2025/10/26 23:04:47 Successfully populated digests for step ID: build
2025/10/26 23:04:47 Step ID: push marked as successful (elapsed time in seconds: 5.693399)
2025/10/26 23:04:47 The following dependencies were found:
2025/10/26 23:04:47
- image:
    registry: acr5beep294.azurecr.io
    repository: images/hello-write
    tag: latest
    digest: sha256:6a5b1e78188680971487cb663372ae9a3c249d73c35f9f185ab70d0073bb30b5
  runtime-dependency:
    registry: registry.hub.docker.com
    repository: library/python
    tag: 3.13-slim
    digest: sha256:0222b795db95bf7412cede36ab46a266cfb31f632e64051aac9806dabf840a61
  git: {}


Run ID: ch1 was successful after 15s

Next, let’s create our storage account and Azure Files share. Since the account name needs to be random I’ll just name it something dumb with a couple of random digits at the end.

STORAGE_ACCOUNT="storageaccount$RANDOM"
SHARE="share$RANDOM"

az storage account create -g acr-rg -n "$STORAGE_ACCOUNT" -l eastus2 --sku Standard_LRS

az storage share create -n "$SHARE" --account-name "$STORAGE_ACCOUNT"

Then, grab the key for the storage account.
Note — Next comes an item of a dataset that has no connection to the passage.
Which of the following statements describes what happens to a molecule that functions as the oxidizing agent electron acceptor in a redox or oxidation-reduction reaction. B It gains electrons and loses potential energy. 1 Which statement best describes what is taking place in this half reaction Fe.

We’ll need it in a moment.

STORAGE_KEY=$(az storage account keys list -g acr-rg --account-name "$STORAGE_ACCOUNT" --query "[0].value" --output tsv)

Then, deploy the container, either with a YAML template or a long Azure CLI command.
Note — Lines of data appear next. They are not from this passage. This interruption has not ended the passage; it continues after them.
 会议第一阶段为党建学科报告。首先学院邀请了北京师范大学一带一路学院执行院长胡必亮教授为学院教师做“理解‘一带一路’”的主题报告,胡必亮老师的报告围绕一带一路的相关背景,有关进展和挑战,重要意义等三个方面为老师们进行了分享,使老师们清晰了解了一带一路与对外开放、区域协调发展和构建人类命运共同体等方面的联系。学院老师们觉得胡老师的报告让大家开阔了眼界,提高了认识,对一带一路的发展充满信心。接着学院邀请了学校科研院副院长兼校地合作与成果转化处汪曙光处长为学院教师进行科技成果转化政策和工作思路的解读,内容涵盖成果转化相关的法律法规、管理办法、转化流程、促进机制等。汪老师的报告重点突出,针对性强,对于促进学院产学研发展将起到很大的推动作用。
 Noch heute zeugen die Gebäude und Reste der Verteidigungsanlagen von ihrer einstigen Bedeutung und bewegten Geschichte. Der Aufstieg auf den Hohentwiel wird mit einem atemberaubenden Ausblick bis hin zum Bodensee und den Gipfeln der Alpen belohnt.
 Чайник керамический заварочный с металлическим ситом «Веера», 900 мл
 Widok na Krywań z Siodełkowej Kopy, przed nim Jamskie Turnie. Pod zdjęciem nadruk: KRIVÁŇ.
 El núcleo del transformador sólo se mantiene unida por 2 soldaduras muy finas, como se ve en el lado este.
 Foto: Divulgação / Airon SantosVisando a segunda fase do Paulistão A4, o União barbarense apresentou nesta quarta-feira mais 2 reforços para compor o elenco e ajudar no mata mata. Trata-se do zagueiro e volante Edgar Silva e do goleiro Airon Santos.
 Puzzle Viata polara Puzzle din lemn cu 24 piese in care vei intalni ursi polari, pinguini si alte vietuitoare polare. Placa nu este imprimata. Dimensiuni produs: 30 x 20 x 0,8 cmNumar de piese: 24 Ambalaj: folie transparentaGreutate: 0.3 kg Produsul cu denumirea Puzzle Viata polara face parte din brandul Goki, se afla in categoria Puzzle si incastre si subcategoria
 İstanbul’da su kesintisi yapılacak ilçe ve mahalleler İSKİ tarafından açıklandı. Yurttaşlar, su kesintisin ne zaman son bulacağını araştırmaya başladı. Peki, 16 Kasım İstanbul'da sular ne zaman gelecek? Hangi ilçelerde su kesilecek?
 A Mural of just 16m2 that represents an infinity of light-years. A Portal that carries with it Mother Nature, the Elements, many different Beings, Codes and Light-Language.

Set the CPU and memory allocation if the image doesn’t have a default. Set the restart policy or it’ll default to “Always”. Set the OS type or the Azure CLI will complain (it can’t reliably auto-detect from private registries).

You’ll have to specify credentials for the registry if you’re using a private registry.
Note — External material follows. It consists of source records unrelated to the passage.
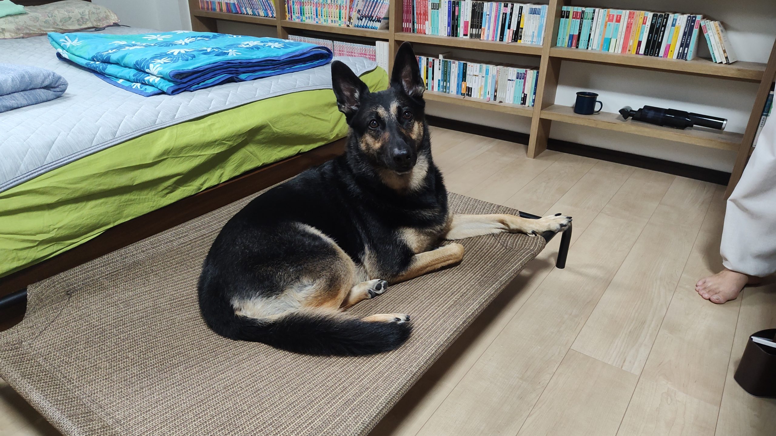 やっぱり雷が苦手なシェパード、そういう時だけオヤジにくっついてくるよね・・・
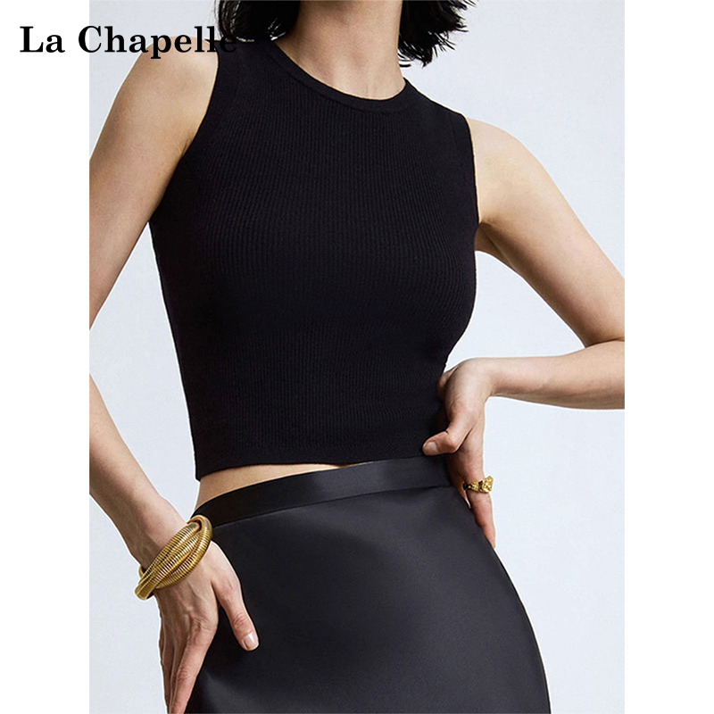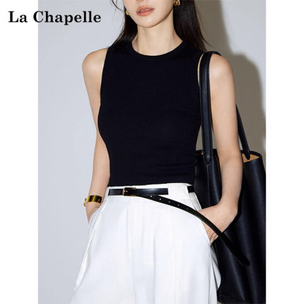 拉夏贝尔黑色半高领针织背心女秋季新款修身显瘦内搭打底衫上衣
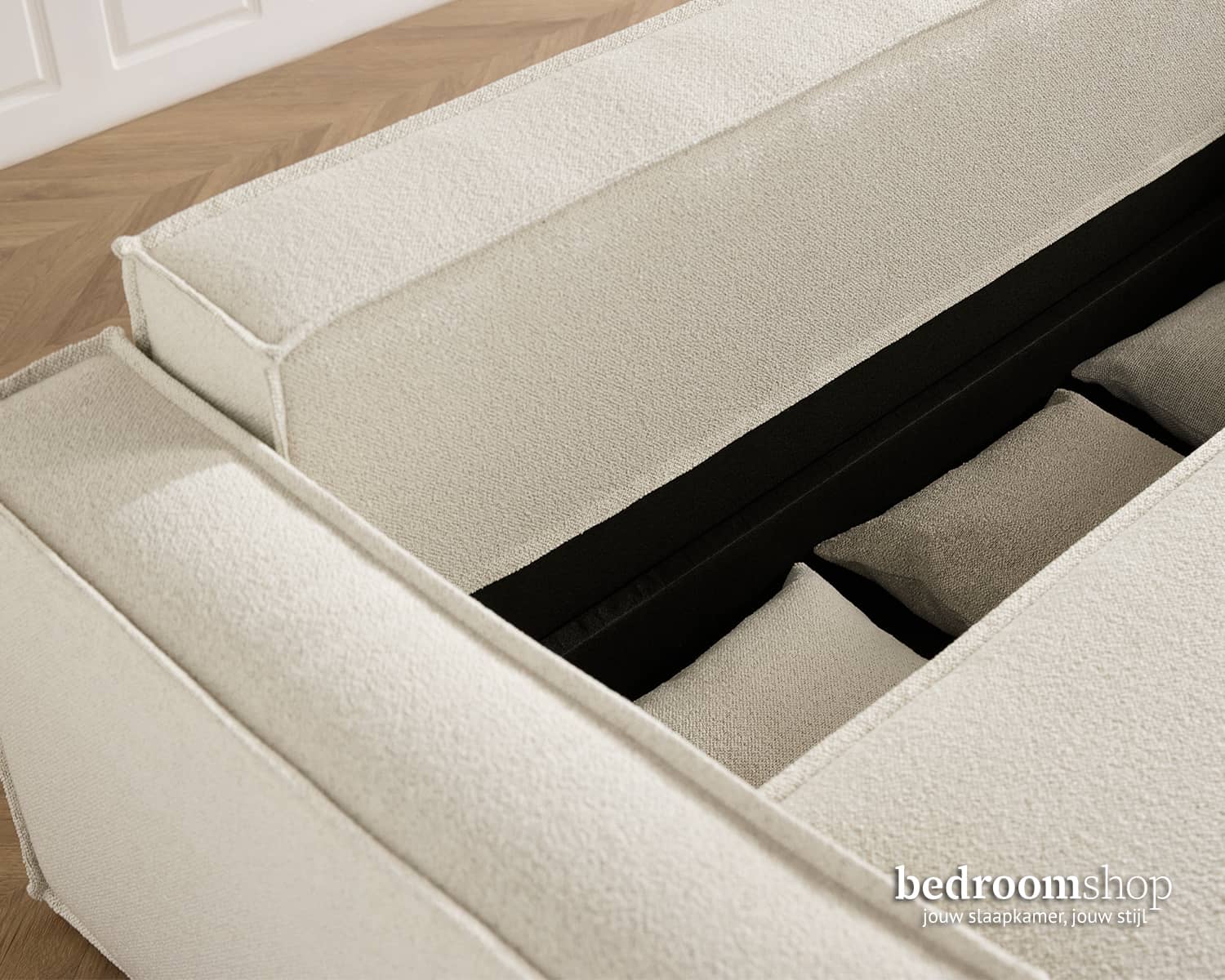 Slaapbank Houston is ontworpen om elke woonruimte optimaal te benutten. Onder de zitting bevindt zich een handige opbergruimte voor dekens, tijdschriften of andere spullen die je graag binnen handbereik houdt, ongeacht of je kiest voor de 200 cm zitvlak of 300 cm zitvlak. De afneembare hoezen zijn volledig wasbaar, zodat uw bank er altijd fris en verzorgd uitziet. Bovendien is de hoes eenvoudig te vervangen wanneer u na verloop van tijd een nieuwe look wilt creëren, duurzaam en toekomstgericht.

You’ll also need to pass info on the file share you want to mount - mine will be mounted to /data, since that’s what our crappy little Python script expects.

Here’s how you’d run the container with one rather long az container create command:

az container create -g acr-rg -n hello-write \
    --image acr5beep294.azurecr.io/images/hello-write:latest \
    --os-type Linux \
    --cpu 0.1 \
    --memory 0.1 \
    --restart-policy Never \
    --registry-username "$ACR_USER" \
    --registry-password "$ACR_PASS" \
    --azure-file-volume-account-name "$STORAGE_ACCOUNT" \
    --azure-file-volume-account-key "$STORAGE_KEY" \
    --azure-file-volume-share-name "$SHARE" \
    --azure-file-volume-mount-path "/data"

YAML would look something like this:

apiVersion: 2019-12-01
location: eastus2
name: hello-write
properties:
  containers:
  - name: hello-write
    properties:
      image: acr5beep294.azurecr.io/images/hello-write:latest
      resources:
        requests:
          cpu: 0.1
          memoryInGb: 0.1
      volumeMounts:
      - name: azurefile
        mountPath: /data
  imageRegistryCredentials:
  - server: acr5beep294.azurecr.io
    username: $ACR_USER
    password: $ACR_PASS
  osType: Linux
  restartPolicy: Never
  volumes:
  - name: azurefile
    azureFile:
      shareName: $SHARE
      storageAccountName: $STORAGE_ACCOUNT
      storageAccountKey: $STORAGE_KEY
tags: {}
type: Microsoft.ContainerInstance/containerGroups

And you’d run the YAML template with:

az container create -g acr-rg --file container.yaml

Anyway, let’s run that bad boy. Wait a few moments, confirm the container is running (you should see "state": "Running" in the JSON output from your container create), then pop open the file share.

If I use Azure Storage Explorer to take a peek at the “hello.txt” file that we’re writing to, I can see that my Python script worked:

Remember to clean up your resource groups if you’re following along.